In the copy, every line of the material that follows must appear exactly, and no pictures should.

*** DATASET EXTRACT Section Begins ***

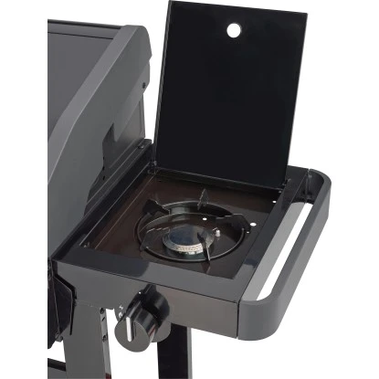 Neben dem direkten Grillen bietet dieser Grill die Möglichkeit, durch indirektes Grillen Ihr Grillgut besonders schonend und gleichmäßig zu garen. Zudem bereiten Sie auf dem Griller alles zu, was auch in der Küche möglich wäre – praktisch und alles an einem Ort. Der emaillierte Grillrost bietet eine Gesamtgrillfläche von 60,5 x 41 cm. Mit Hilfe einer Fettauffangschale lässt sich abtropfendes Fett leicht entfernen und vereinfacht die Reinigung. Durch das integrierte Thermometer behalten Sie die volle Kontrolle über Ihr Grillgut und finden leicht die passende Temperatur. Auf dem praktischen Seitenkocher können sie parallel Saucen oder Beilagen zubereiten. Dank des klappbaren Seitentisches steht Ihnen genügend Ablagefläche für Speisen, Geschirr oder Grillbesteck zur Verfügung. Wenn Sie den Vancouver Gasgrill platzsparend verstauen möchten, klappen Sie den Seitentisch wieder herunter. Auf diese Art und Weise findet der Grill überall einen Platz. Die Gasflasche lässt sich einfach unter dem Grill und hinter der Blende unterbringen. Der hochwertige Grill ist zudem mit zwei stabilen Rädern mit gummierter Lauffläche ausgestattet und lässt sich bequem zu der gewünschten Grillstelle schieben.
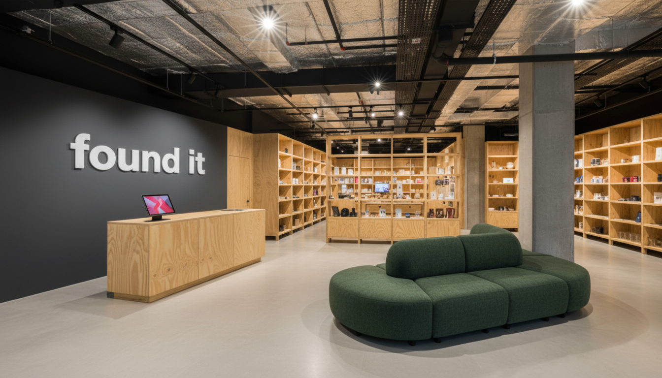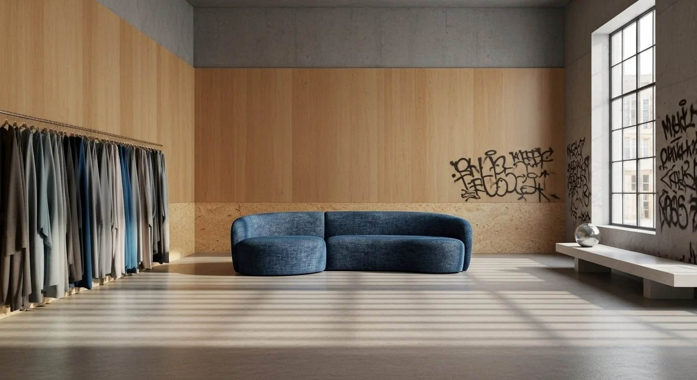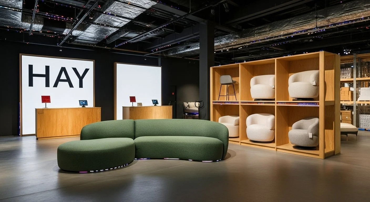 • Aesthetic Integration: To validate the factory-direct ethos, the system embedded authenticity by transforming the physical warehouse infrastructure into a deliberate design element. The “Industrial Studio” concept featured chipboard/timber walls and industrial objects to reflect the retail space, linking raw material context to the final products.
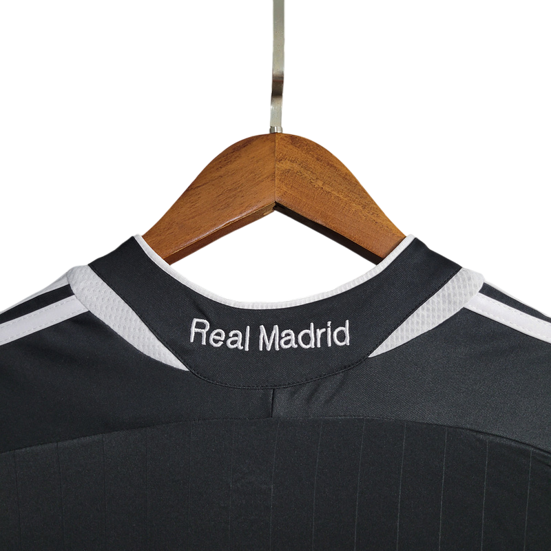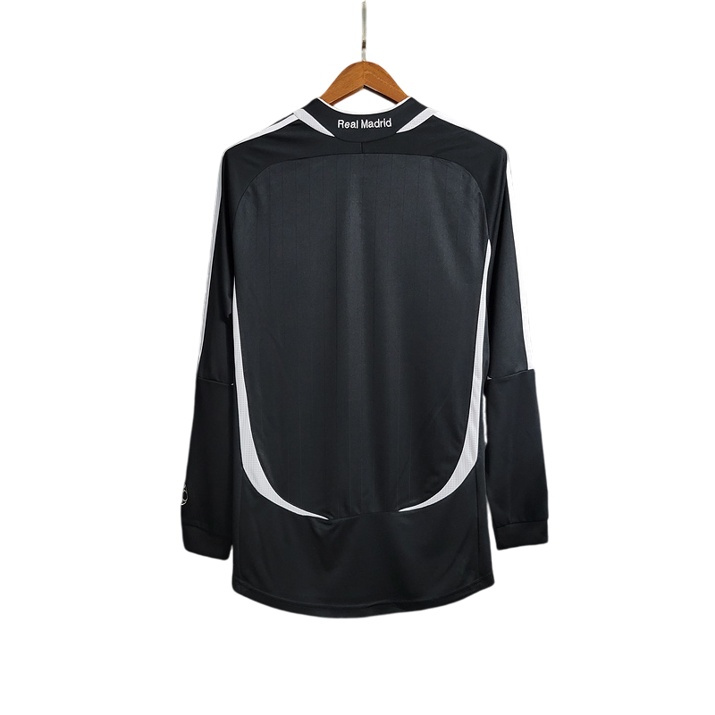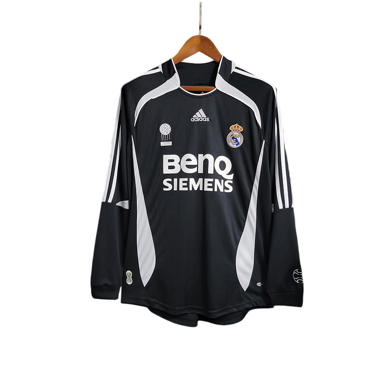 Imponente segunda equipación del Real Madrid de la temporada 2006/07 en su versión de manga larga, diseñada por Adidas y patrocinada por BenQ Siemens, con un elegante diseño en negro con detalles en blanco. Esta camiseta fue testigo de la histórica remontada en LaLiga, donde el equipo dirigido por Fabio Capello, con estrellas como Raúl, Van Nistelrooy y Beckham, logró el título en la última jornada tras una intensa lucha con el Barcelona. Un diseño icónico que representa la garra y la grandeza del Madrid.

*** DATASET EXTRACT Section Ends ***

RESULT FOR THIS EXERCISE:
 Neben dem direkten Grillen bietet dieser Grill die Möglichkeit, durch indirektes Grillen Ihr Grillgut besonders schonend und gleichmäßig zu garen. Zudem bereiten Sie auf dem Griller alles zu, was auch in der Küche möglich wäre – praktisch und alles an einem Ort. Der emaillierte Grillrost bietet eine Gesamtgrillfläche von 60,5 x 41 cm. Mit Hilfe einer Fettauffangschale lässt sich abtropfendes Fett leicht entfernen und vereinfacht die Reinigung. Durch das integrierte Thermometer behalten Sie die volle Kontrolle über Ihr Grillgut und finden leicht die passende Temperatur. Auf dem praktischen Seitenkocher können sie parallel Saucen oder Beilagen zubereiten. Dank des klappbaren Seitentisches steht Ihnen genügend Ablagefläche für Speisen, Geschirr oder Grillbesteck zur Verfügung. Wenn Sie den Vancouver Gasgrill platzsparend verstauen möchten, klappen Sie den Seitentisch wieder herunter. Auf diese Art und Weise findet der Grill überall einen Platz. Die Gasflasche lässt sich einfach unter dem Grill und hinter der Blende unterbringen. Der hochwertige Grill ist zudem mit zwei stabilen Rädern mit gummierter Lauffläche ausgestattet und lässt sich bequem zu der gewünschten Grillstelle schieben.
 • Aesthetic Integration: To validate the factory-direct ethos, the system embedded authenticity by transforming the physical warehouse infrastructure into a deliberate design element. The “Industrial Studio” concept featured chipboard/timber walls and industrial objects to reflect the retail space, linking raw material context to the final products.
 Imponente segunda equipación del Real Madrid de la temporada 2006/07 en su versión de manga larga, diseñada por Adidas y patrocinada por BenQ Siemens, con un elegante diseño en negro con detalles en blanco. Esta camiseta fue testigo de la histórica remontada en LaLiga, donde el equipo dirigido por Fabio Capello, con estrellas como Raúl, Van Nistelrooy y Beckham, logró el título en la última jornada tras una intensa lucha con el Barcelona. Un diseño icónico que representa la garra y la grandeza del Madrid.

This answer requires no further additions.